Patrick Bolton and Paul Griffiths examined 18 patients with TSC, half of whom had some form of autism. They found a strong association between tubers in the temporal lobes and the patients with autism.

1998

The Tuberous Sclerosis Consensus Conference issued revised diagnosic criteria, which is the current standard.

1998

An Italian team used magnetoencephalography (MEG) to study three patients with TSC and partial epilepsy. Combined with MRI, they were able to study the association between tuberous areas of the brain, neuronal malfunctioning and epileptogenic areas. Later studies would confirm that MEG is superior to EEG in identifying the eliptogenic tuber, which may be a candidate for surgical resection.

21st century

2001

A multi-centre cohort of 224 patients were examined for mutations and disease severity.
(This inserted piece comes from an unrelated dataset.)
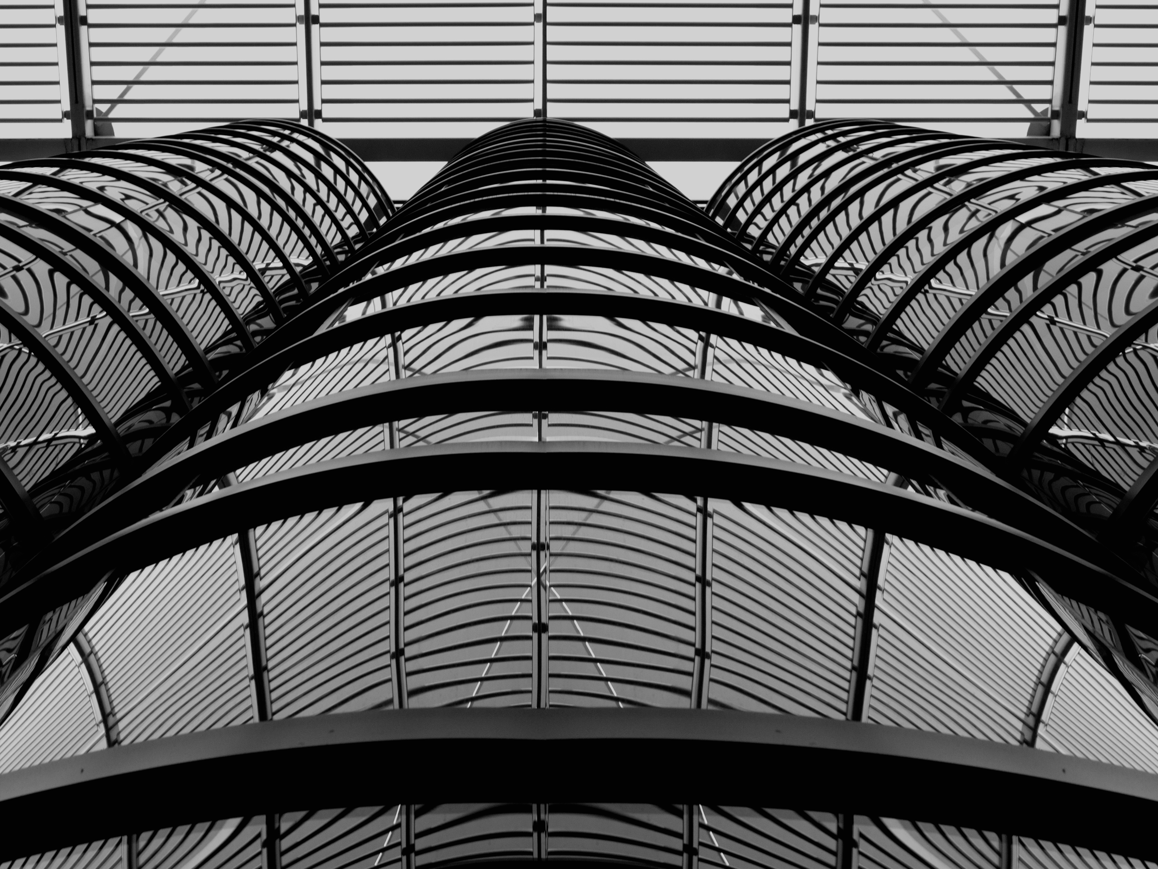 focal length: 23mm This photo meets the requirement of a vertical vanishing point. The greatest challenge in choosing the settings for this photo was finding an aperture and shutter speed to get all of the shapes in focus and get proper lighting on the bright glass and on the dark beams; in retrospect, I might have tried an even slower shutter speed to increase the brightness of the reflections. I chose these offices as a subject because I liked the way the smooth glass was transformed by the patterns it reflected and the way the glass distorted the reflections of the bars above. I used some layering in PS to improve the already strong symmetry of the picture, to crop the picture, and to apply a B&W filter to create even greater emphasis on the shapes and lines of the picture. | ||
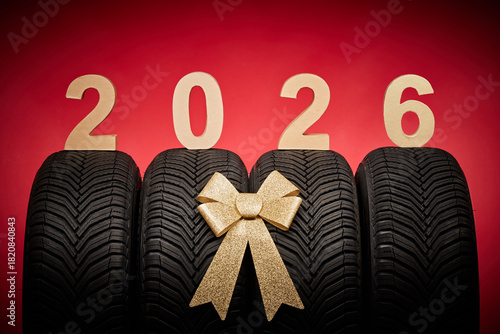 © ValentinValkov, Naklejka premium Car tires, new tyres, winter wheels isolated on christmas red background with text happy new year 2026

Those with TSC1 were less severely affected than those with TSC2. They had fewer seizures and less mental impairment. Some symptoms of TSC were rare or absent in those with TSC1. A conclusion is that "both germline and somatic mutations appear to be less common in TSC1 than in TSC2".

2002

Several research groups investigated how the TSC1 and TSC2 gene products (tuberin and hamartin) work together to inhibit mammalian target of rapamycin (mTOR)-mediated downstream signalling. This important pathway regulates cell proliferation and tumour suppression.

2002

Treatment with rapamycin (sirolimus) was found to shrink tumours in the Eker rat (TSC2) and mouse (TSC1) models of tuberous sclerosis.

2006

Small trials showed promising results in the use of rapamycin to shrink angiomyolipoma and astrocytomas. Several larger multicentre clinical trials began: lymphangioleiomyomatosis (LAM) and kidney angiomyolipoma (AML) were treated with rapamycin; giant cell astrocytomas were treated with the rapamycin derivative everolimus.